Он лежал, глядя в серый потолок, по которому скользил бледный утренний свет, отражённый от свежевыпавшего снега, и силился определить природу этого запаха. Тот не был похож на обычные домашние запахи — на пыль, на остывший чай, на выдохшуюся за ночь ткань. Так пахнет в подвалах старых домов, где между рассохшимися досками пробивается сырость, где лопаются забытые банки с прошлогодними заготовками, истекая мутным рассолом, и где в темноте, невидимая глазу, вершится неторопливая работа распада. Но более всего этот запах напоминал землю, потревоженную лопатой, — холодную, тяжёлую, извлечённую из глубины, чтобы принять то, что должно быть скрыто.
Андрей повернул голову. Окно было залеплено белым — снег шёл всю ночь, не переставая, укутывая город в свой бесшумный саван. За двойными стёклами, за жестяным карнизом, за обледенелыми проводами он всё падал и падал, ровный, безучастный, неотвратимый, и в его молчаливой настойчивости чудилось нечто, не имеющее отношения к обычной зимней погоде.
Он спустил ноги на пол. Доски отозвались сухим скрипом, и этот звук прозвучал в тишине гулко, отдаваясь от стен, словно квартира на мгновение прислушалась к нему. Квартира, ещё вчера казавшаяся привычной и обжитой, теперь представлялась чужой, враждебной, словно за ночь она успела перемениться, не изменив при этом ни одной своей детали. Всё стояло на своих местах: и продавленное кресло у окна, и торшер с пыльным абажуром, и груда книг на полу, и пустая чашка на подлокотнике, — но между этими вещами теперь витало то, чего не было прежде. Запах. Он пропитал обои, шторы, одеяло, он проник в само вещество стен, и казалось, что даже выпитая вода из-под крана отдавала бы теперь этим же привкусом — гнилостным, сладковатым, нездешним.

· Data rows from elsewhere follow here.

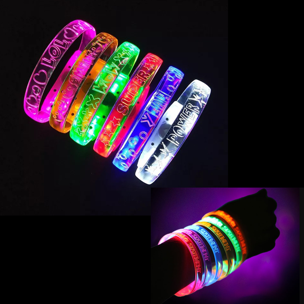 Laser engrave your logo or message onto these amazing LED wristbands. Incredibly bright and interactive - perfect for night events, special events like weddings & bar mitzvahs, concerts, clubs, brand promotion & more. Alternate between 3 different lighting modes at the press of a button: constant on, fast blinking and slow blinking. Decide between single color auto flash, color-changing auto flash, or single color sound activated LED bracelets (can't be color-changing). Lights up on your wrist 360 degrees!
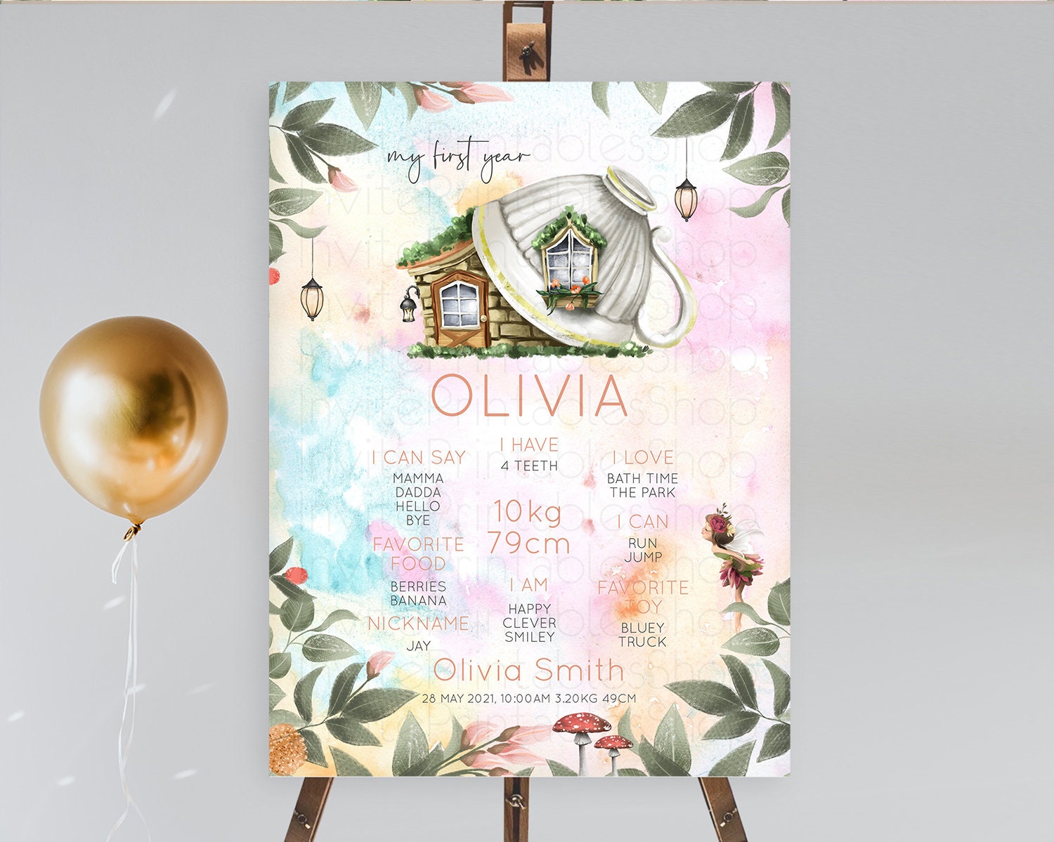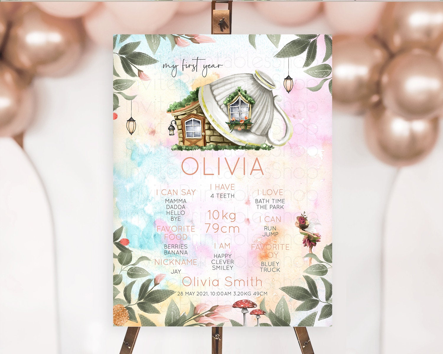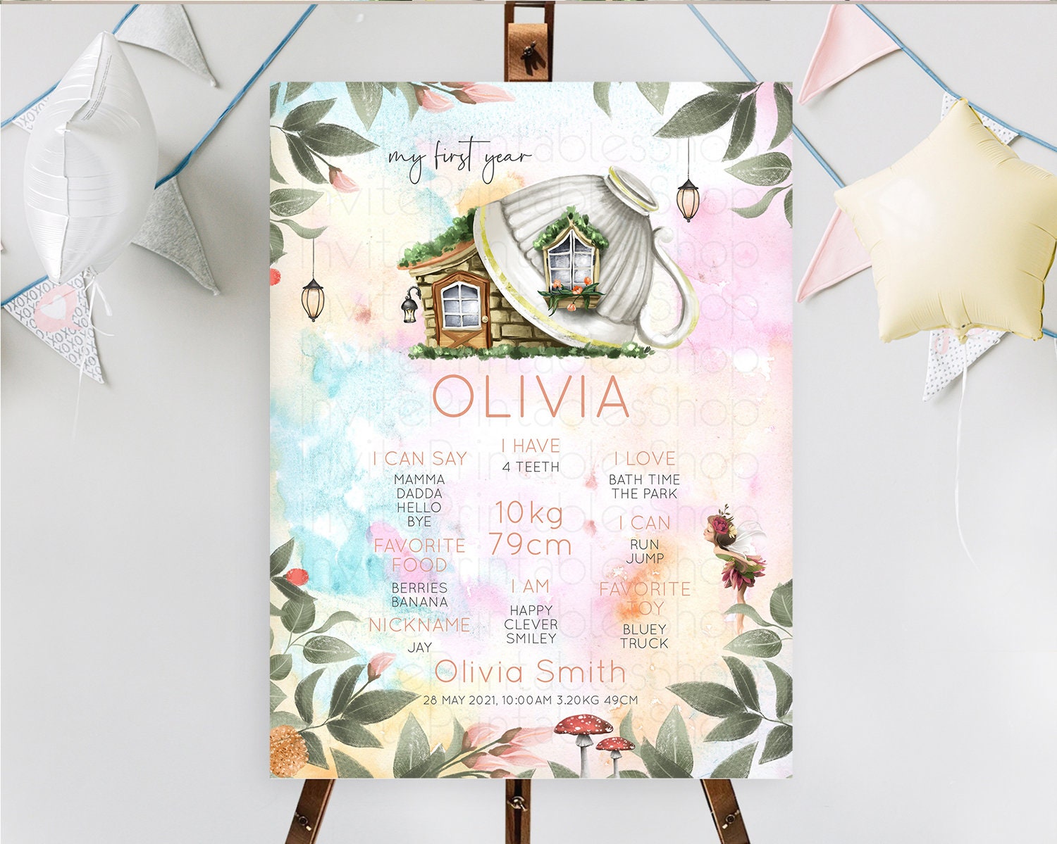 Fairy First Birthday Milestone Poster Fairy Secret Garden Milestone Board Enchanted Garden Pastel Floral Butterfly 1st Birthday Sign D10555
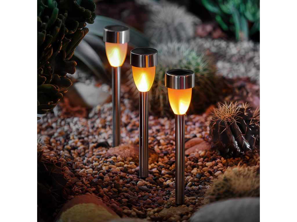 Solární lampa s efektem plamene, 4 ks
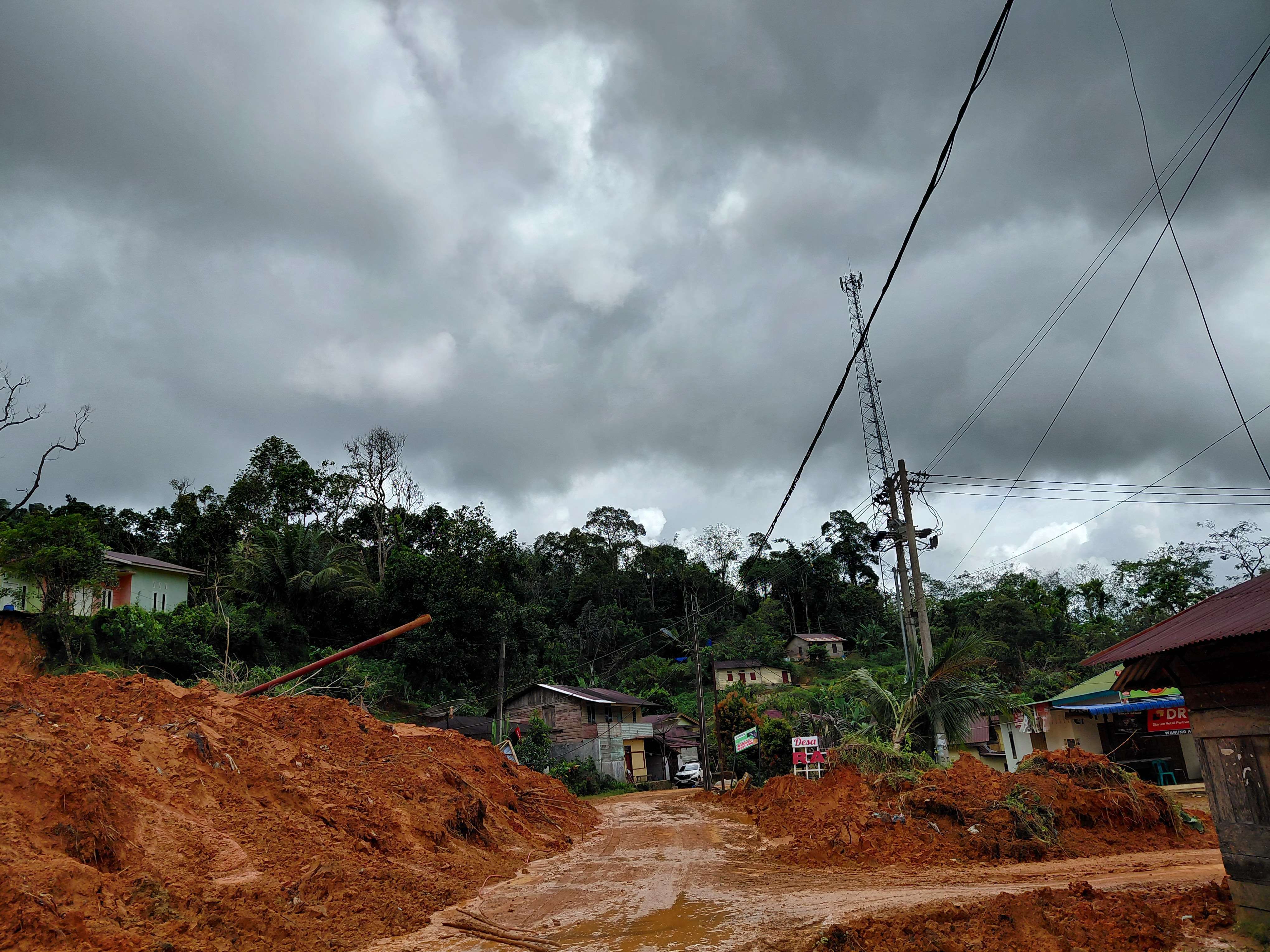 Para siswa terpaksa belajar dari rumah akibat akses sekolah terputus. Jalan menuju sekolah tidak bisa dilintasi karena material longsor.
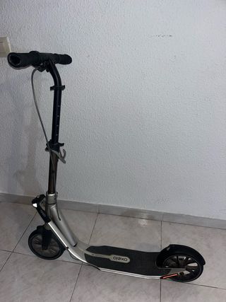 Patinete OXELO en buen estado. Ideal para desplazamientos cortos. - Diseño plegable para facilitar su transporte y almacenamiento. - Color plateado con detalles en negro. - Ruedas resistentes.

Андрей прошёл на кухню, не включая свет, ибо того тусклого сияния, что просачивалось сквозь залепленное окно, было достаточно, чтобы не спотыкаться о пороги. Он машинально потянулся к чайнику, и в этот момент его взгляд упал на пол у входной двери.
Там, рядом с его ботинками, аккуратно поставленными на смятую газету, лежала детская варежка. Красная, с белым вязаным узором, правая, мокрая от растаявшего снега. Вокруг неё на линолеуме расплылось небольшое тёмное пятно, и от пятна поднимался лёгкий, едва уловимый пар, словно варежка совсем недавно была принесена с мороза и ещё не успела согреться.
Андрей замер. В квартире он жил один, и гостей у него не было уже несколько месяцев — с тех самых пор, как последние сомнительные приятели перестали ему звонить, а он сам перестал отвечать на звонки. Собственное одиночество было его выбором, его защитой, его способом существования, но сейчас оно обернулось против него. Вещь, появившаяся в замкнутом пространстве, не могла появиться сама собой.
Он наклонился, не решаясь прикоснуться. Варежка была маленькой, на детскую руку, и от неё исходил всё тот же запах — тлен, тина, сырая земля. Казалось, что если поднести её к лицу и вдохнуть глубже, то можно уловить за этой гнилью что-то ещё: слабый отголосок мороза, лёгкую ноту мокрой шерсти, а быть может, и вовсе нечто невыразимое — то, что не имеет названия, но мгновенно отзывается в памяти древним, животным ужасом.
Он брезгливо, двумя пальцами, поднял варежку и отбросил её в сторону, но та не улетела далеко, а безвольно шлёпнулась на пол, оставив за собой короткий мокрый след, похожий на обвинение.
Он подошёл к окну и выглянул во двор. Там было пусто. Дворники ещё не вышли на работу, и снег лежал девственно чистым, без единого следа, без единой рытвины, лишь в отдалении темнели припорошенные контуры мусорных баков да торчала из-под белого покрова обледенелая ветка старого клёна.
Почти без единого следа.
В самом центре двора, там, где летом была разбита клумба, а сейчас вздымался небольшой белый холмик, стоял ребёнок. Мальчик. Лет семи, не больше. Босой, в одной тонкой, по-больничному бледной пижаме, которая была совершенно неуместна в такой мороз. Он стоял спиной к дому, опустив голову, и казалось, будто он разглядывает что-то под снегом, что-то такое, что видно только ему одному.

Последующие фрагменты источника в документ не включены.